I conservatori moderati restano il primo partito, ma la destra avanza. Sono solo stime, quelle che fornisce per ora il Parlamento europeo tramite il suo sistema Verian: stime basate su proiezioni, exit poll e altri dati elettorali per la composizione degli eurodeputati nella prossima legislatura a Bruxelles.
Dato fondamentale, l’avanzata della destra estrema in diversi Paesi: in Francia dove il RN di Marine Le Pen diventa il primo partito con oltre il 30% e surclassa il presidente Emmanuel Macron. Più del doppio dei voti: il capo dello Stato ne ha tratto le conseguenze immediate, è andato in televisione ad annunciare lo scioglimento delle Camere e il voto anticipato il 30 giugno, tentativo di chiedere al Paese – e ai tanti astensionisti – se è questo che vogliono. Insomma, un primo terremoto da questo voto europeo è già uscito.
La destra cresce anche in Germania dove l’AfD è secondo partito (primo nella ex Germania est); in Spagna dove Vox cresce; in Austria dove la destra è primo partito. In Italia, Fratelli d’Italia di Giorgia Meloni è già partito di maggioranza a Roma; i seggi sono ancora aperti nel Belpaese.

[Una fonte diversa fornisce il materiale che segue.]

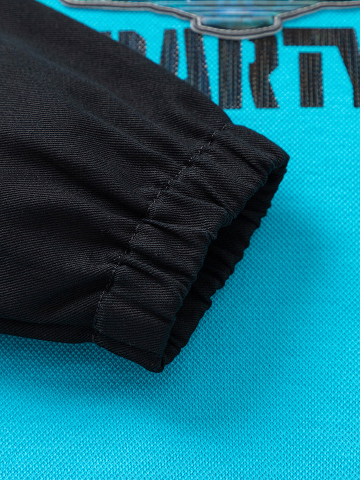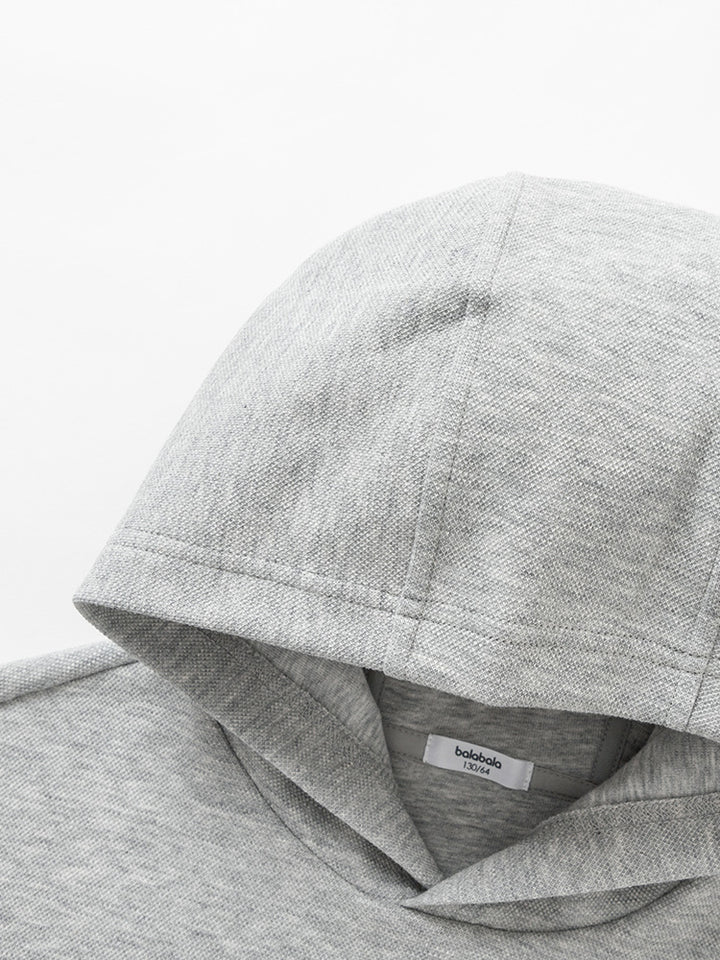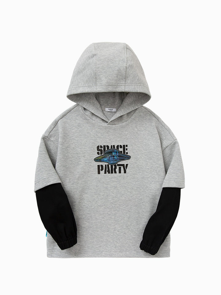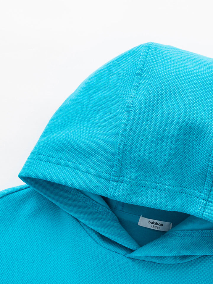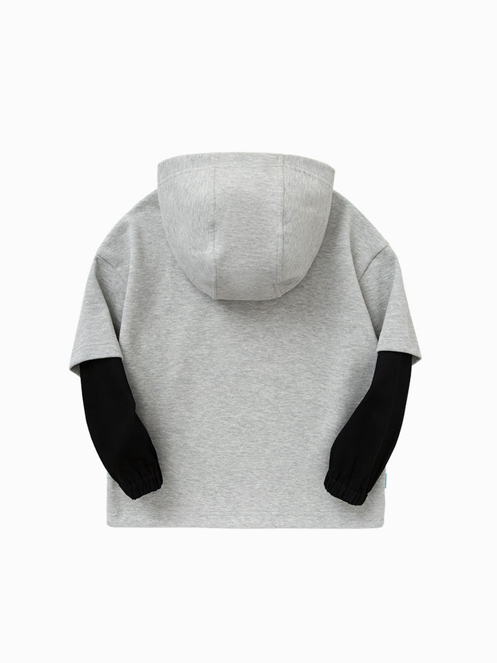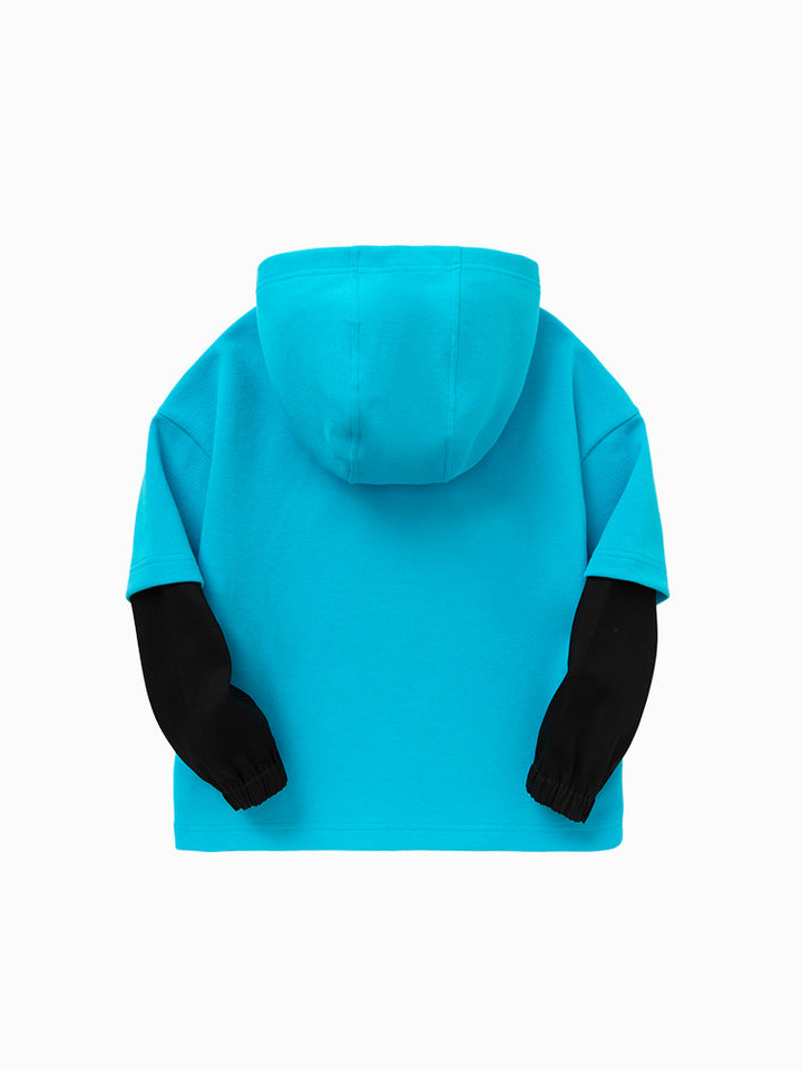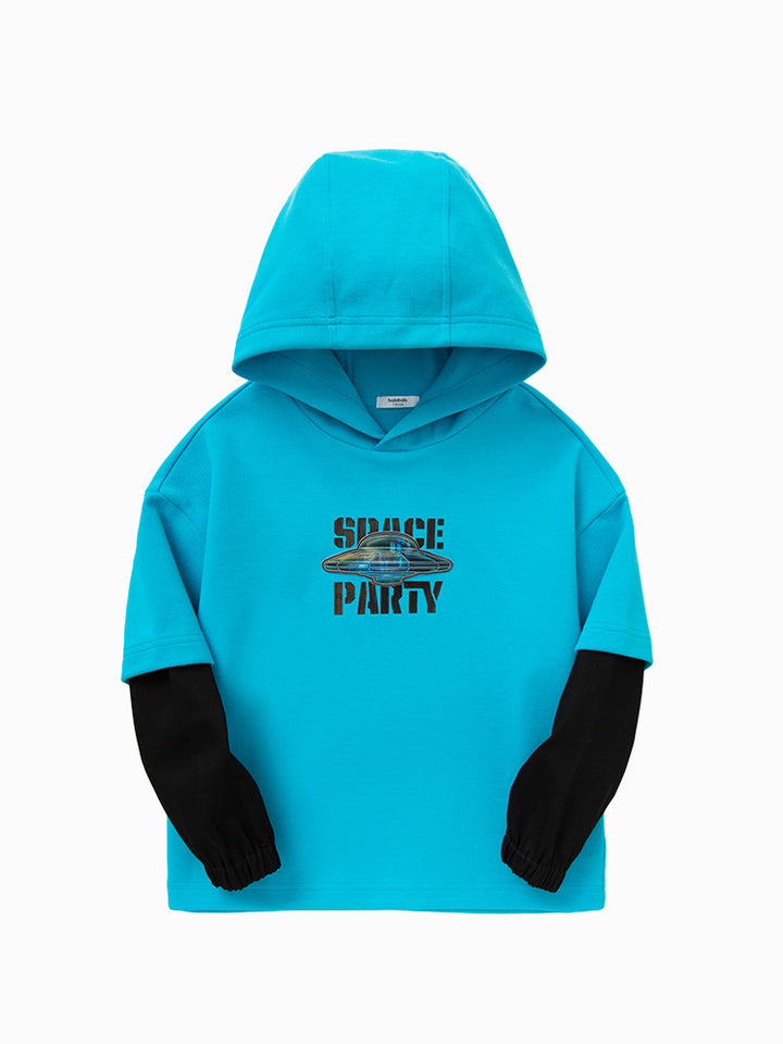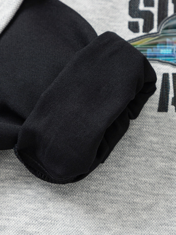 بلوزة سويت شيرت هودي ولادي كاجوال بأكمام طويلة مزينة بطبعة من الجهة الأمامية وأكمام متباينة اللون، تأتي بياقة هودي متصلة

Ma il secondo dato è che crescono anche i conservatori del Partito Popolare (che racchiude la CDU tedesca, il PP spagnolo, Forza Italia ex partito di Berlusconi): secondo i dati Verian, sui 720 seggi dell’Eurocamera ne prenderebbero 186. 133 andrebbero – il condizionale è d’obbligo – al gruppo dei Socialisti europei (che include i socialisti francesi, il Psoe al governo in Spagna, il PD in Italia). 36 ai partiti più a sinistra dei socialisti, 53 ai Verdi, 82 ai moderati di Renew Europe (che include il partito del presidente francese Emmanuel Macron, il quale ha perso la maggioranza relativa).
E a destra? I Conservatori e Riformisti Europei (ECR) cioè il gruppo, che include fra l’altro Fratelli d’Italia di Giorgia Meloni e lo spagnolo Vox, avrebbe 70 seggi. 60 andrebbero a ID (Identità e Democrazia), il gruppo apertamente euroscettico in cui siedono la Lega di Salvini e il Rassemblement National di Marine Le Pen, e il partito ungherese al governo di Viktor Orban e il PiS polacco – e in cui sedeva la tedesca AfD, Alternative fur Deutschland, prima di essere sospesa per dichiarazioni filonaziste di un suo leader. Messi insieme, fanno 130 seggi (ma con alcuni di questi partiti, quelli di ID, la presidente della Commissione europea uscente Ursula von der Leyen ha dichiarato in campagna elettorale che non ci sarebbe accordo possibile di governo).
Restano ancora 100 seggi, in cui c’è un po’ di tutto: la metà di membri che non appartenevano a nessun altro gruppo (dentro ci sono anche gli italiani Cinque Stelle), la metà di nuovi eletti ancora non affiliati.
Con questi numeri, l’avanzata della destra estrema, che pure ha un enorme peso politico a livello locale nei vari Paesi, non è sufficiente a ribaltare il tavolo delle possibili maggioranze a Bruxelles e neppure da sola a fare da ago della bilancia. Il PP – la cui candidata ufficiale è proprio von der Leyen – resta il partito di maggioranza relativa e avrebbe due strade: la prima, tornare a governare con le sinistra con un’altra “maggioranza Ursula” (quello che i conservatori Popolari avrebbero però voluto evitare). La seconda, cercare di ottenere la fiducia e poi governare ora con l’appoggio degli uni, ora degli altri a seconda dei provvedimenti.
Due altre notazioni. L’affluenza ancora più bassa che di solito per le Europee – in Italia, i seggi chiusi alle 23 segnano solo il 40,86% – indica la sfiducia dell’elettorato non solo nell’Europa ma nel proprio potere di incidere sulla politica che poi viviamo sulla nostra pelle. La seconda: attenzione a prendere il voto europeo come un indizio netto di quello che potrebbe accadere nelle politiche locali. Proprio perché Bruxelles sembra tanto lontana, le Europee sono spesso il terreno su cui il voto di protesta si esercita con più abbandono.